~~ Chapter 05 ~~

1.2K 98 7
                                        

Hari itu hujan rintik membasahi jendela rumah mungil milik Harry Potter. Ia duduk di meja kerjanya, sebuah buku usang terbuka di depannya. Catatan harian. Buku itu penuh dengan tulisan tangan masa lalu-tulisannya sendiri. Setiap halaman menceritakan tentang Draco Malfoy. Tentang segala hal yang ia sukai dari pria itu, tentang kenangan samar yang masih terasa hangat di hatinya.

Tapi kini, Draco yang tinggal bersamanya adalah pria asing yang sama sekali berbeda. Arogan, sarkastik, dan entah bagaimana, tampaknya punya misi pribadi untuk membuat hidupnya tidak tenang.

Harry menutup buku itu perlahan, lalu menatap foto lama yang tertempel di sana. Wajah Draco muda tersenyum tipis-senyuman yang jarang sekali ia lihat di Hogwarts. Rambut pirangnya rapi, matanya tajam, namun ada kelembutan yang kini tidak lagi terlihat. Harry memandangi foto itu dengan raut bingung, lalu perlahan mengalihkan pandangan ke arah ruang tamu, tempat Draco yang sekarang duduk dengan santai, mengenakan piyama sutra hijau yang ia bawa dari rumah.

Draco menoleh tiba-tiba, memergoki tatapan Harry. Ia menyipitkan mata, lalu bangkit dan berjalan mendekat.

"Kenapa menatapku seperti itu? Kau mulai jatuh cinta lagi, ya?" tanyanya, sarkastis seperti biasa, dengan sentuhan senyum mengejek.

Harry tertegun, wajahnya merah padam. Ia menggeleng cepat, lalu memalingkan pandangan.

"Aku hanya bingung," jawab Harry pelan.

"Masih sulit mempercayai kau benar-benar tinggal di rumahku."

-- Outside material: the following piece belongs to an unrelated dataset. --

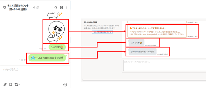 LINE_DeveloperやLINEアプリから応募者に送信したメッセージがLINEタブに表示されない

Draco mendengus. Ia menyandarkan tubuhnya ke tepi meja, menatap Harry dengan alis terangkat.

"Tentu saja aku di sini. Aku Draco Malfoy. Aku bisa membuat siapa pun merasa seperti tamu di rumah mereka sendiri. Kau hanya beruntung aku belum mengubah dekorasinya menjadi lebih... mewah."

Harry hanya menatapnya, kemudian menghela napas. Sejak Draco tinggal bersamanya, rumah kecilnya yang biasanya tenang berubah menjadi tempat penuh komentar sinis dan keluhan. Draco selalu mengatur ini itu, dari cara Harry membuat teh hingga bagaimana ia menyetrika pakaian.

Tapi Harry tidak pernah benar-benar membalas, hanya mengangguk atau tersenyum kecil, seperti sudah terbiasa menghadapi anak-anak di kelas TK-nya.

Namun, malam itu, sesuatu di dalam dirinya tidak tenang. Ia mengingat kembali tulisan di buku hariannya-tentang bagaimana ia mulai kehilangan ingatan sejak kelulusan Hogwarts, tentang diagnosa Alzheimer dini yang ia derita. Tertulis di sana bahwa itu adalah akibat luka dari Voldemort, meski Harry sendiri tidak yakin. Ia juga tidak tahu mengapa dirinya sangat takut Draco mengetahui hal itu.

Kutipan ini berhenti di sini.